Stochastic Bandits with Vector Losses: Minimizing $\ell^\infty$-Norm of Relative Losses
This work addresses multi-objective decision-making in scenarios like recommender systems, where multiple factors beyond click rates must be optimized, but it is incremental as it extends existing bandit frameworks to vector losses.
The paper tackles the problem of multi-armed bandits with multiple losses by defining relative loss vectors and studying two goals: identifying the arm with minimum ℓ∞-norm of relative losses with given confidence, and minimizing the ℓ∞-norm of cumulative relative losses. For the first goal, they derive a sample complexity lower bound and matching algorithms, and for the second, they provide a regret lower bound of Ω(T^{2/3}) and a matching algorithm.

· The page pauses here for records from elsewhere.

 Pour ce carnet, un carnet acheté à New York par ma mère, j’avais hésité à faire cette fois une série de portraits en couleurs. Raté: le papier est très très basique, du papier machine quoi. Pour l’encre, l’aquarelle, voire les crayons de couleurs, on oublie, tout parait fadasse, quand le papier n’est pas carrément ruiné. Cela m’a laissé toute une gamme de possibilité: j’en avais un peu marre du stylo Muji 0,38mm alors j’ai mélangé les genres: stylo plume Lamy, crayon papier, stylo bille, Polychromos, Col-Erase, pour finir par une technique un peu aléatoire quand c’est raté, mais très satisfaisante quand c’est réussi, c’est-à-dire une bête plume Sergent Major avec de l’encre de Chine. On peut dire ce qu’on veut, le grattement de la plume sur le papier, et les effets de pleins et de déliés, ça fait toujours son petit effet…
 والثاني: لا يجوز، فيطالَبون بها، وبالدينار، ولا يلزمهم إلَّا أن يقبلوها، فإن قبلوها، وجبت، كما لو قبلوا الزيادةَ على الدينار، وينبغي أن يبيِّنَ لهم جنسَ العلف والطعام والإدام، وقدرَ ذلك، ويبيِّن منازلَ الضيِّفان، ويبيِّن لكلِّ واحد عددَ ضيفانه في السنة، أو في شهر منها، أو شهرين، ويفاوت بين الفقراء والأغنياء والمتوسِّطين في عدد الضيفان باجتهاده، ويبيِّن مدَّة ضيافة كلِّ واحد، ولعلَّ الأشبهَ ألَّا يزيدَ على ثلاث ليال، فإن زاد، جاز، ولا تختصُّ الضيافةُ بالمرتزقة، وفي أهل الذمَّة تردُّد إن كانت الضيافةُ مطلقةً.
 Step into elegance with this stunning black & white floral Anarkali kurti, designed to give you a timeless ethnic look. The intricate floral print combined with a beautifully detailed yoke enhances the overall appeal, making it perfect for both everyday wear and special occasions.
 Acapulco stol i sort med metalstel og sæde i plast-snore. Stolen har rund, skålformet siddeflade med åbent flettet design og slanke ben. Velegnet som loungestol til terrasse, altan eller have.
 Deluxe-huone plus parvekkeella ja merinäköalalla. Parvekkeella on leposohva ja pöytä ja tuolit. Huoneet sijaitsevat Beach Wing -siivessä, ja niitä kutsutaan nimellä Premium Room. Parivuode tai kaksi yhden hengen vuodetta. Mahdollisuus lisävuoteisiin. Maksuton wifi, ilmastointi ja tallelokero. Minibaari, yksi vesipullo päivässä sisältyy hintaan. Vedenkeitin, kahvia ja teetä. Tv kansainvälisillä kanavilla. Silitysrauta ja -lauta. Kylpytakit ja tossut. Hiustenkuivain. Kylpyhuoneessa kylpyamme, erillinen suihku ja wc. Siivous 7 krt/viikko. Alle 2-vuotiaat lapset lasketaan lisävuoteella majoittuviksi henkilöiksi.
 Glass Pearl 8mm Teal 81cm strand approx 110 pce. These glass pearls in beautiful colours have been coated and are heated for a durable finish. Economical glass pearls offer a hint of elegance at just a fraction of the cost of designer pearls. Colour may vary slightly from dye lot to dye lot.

Multi-armed bandits are widely applied in scenarios like recommender systems, for which the goal is to maximize the click rate. However, more factors should be considered, e.g., user stickiness, user growth rate, user experience assessment, etc. In this paper, we model this situation as a problem of $K$-armed bandit with multiple losses. We define relative loss vector of an arm where the $i$-th entry compares the arm and the optimal arm with respect to the $i$-th loss. We study two goals: (a) finding the arm with the minimum $\ell^\infty$-norm of relative losses with a given confidence level (which refers to fixed-confidence best-arm identification); (b) minimizing the $\ell^\infty$-norm of cumulative relative losses (which refers to regret minimization). For goal (a), we derive a problem-dependent sample complexity lower bound and discuss how to achieve matching algorithms. For goal (b), we provide a regret lower bound of $Ω(T^{2/3})$ and provide a matching algorithm.